Top of DATA FOR THE TASK

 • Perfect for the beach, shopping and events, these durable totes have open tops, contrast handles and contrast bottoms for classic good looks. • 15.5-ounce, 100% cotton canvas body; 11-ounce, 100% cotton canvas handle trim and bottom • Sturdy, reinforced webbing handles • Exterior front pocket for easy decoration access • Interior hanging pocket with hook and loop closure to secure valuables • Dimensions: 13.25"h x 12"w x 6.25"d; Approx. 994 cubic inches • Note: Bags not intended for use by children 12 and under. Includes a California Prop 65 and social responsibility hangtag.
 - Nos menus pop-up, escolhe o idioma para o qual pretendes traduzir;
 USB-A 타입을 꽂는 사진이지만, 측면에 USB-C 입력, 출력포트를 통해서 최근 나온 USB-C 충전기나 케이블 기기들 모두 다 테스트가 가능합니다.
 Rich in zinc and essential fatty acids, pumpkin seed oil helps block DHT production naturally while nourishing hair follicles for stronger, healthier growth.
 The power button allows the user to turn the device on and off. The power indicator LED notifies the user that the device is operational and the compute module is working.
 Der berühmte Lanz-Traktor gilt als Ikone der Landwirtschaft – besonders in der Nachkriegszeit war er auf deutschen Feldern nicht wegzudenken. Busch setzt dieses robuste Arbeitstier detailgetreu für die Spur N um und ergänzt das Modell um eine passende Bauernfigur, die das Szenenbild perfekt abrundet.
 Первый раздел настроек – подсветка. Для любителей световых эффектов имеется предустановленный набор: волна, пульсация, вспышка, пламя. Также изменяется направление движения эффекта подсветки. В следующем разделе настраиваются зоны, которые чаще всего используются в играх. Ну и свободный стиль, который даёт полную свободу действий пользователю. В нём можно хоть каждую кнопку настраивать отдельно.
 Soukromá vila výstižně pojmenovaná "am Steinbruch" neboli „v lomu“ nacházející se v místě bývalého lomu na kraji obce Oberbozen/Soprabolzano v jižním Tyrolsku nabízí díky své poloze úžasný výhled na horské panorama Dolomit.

Bottom of DATA FOR THE TASK
Top of DATA FOR THE TASK

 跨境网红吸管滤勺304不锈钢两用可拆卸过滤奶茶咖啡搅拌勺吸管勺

Bottom of DATA FOR THE TASK

• **TASK REQUIREMENTS**
From the material above, set down exactly the lines starting at the one with "- Nos menus" and ending at the one with "Rich in zinc", end lines included.

• **SOLUTION BELOW**
 - Nos menus pop-up, escolhe o idioma para o qual pretendes traduzir;
 USB-A 타입을 꽂는 사진이지만, 측면에 USB-C 입력, 출력포트를 통해서 최근 나온 USB-C 충전기나 케이블 기기들 모두 다 테스트가 가능합니다.
 Rich in zinc and essential fatty acids, pumpkin seed oil helps block DHT production naturally while nourishing hair follicles for stronger, healthier growth.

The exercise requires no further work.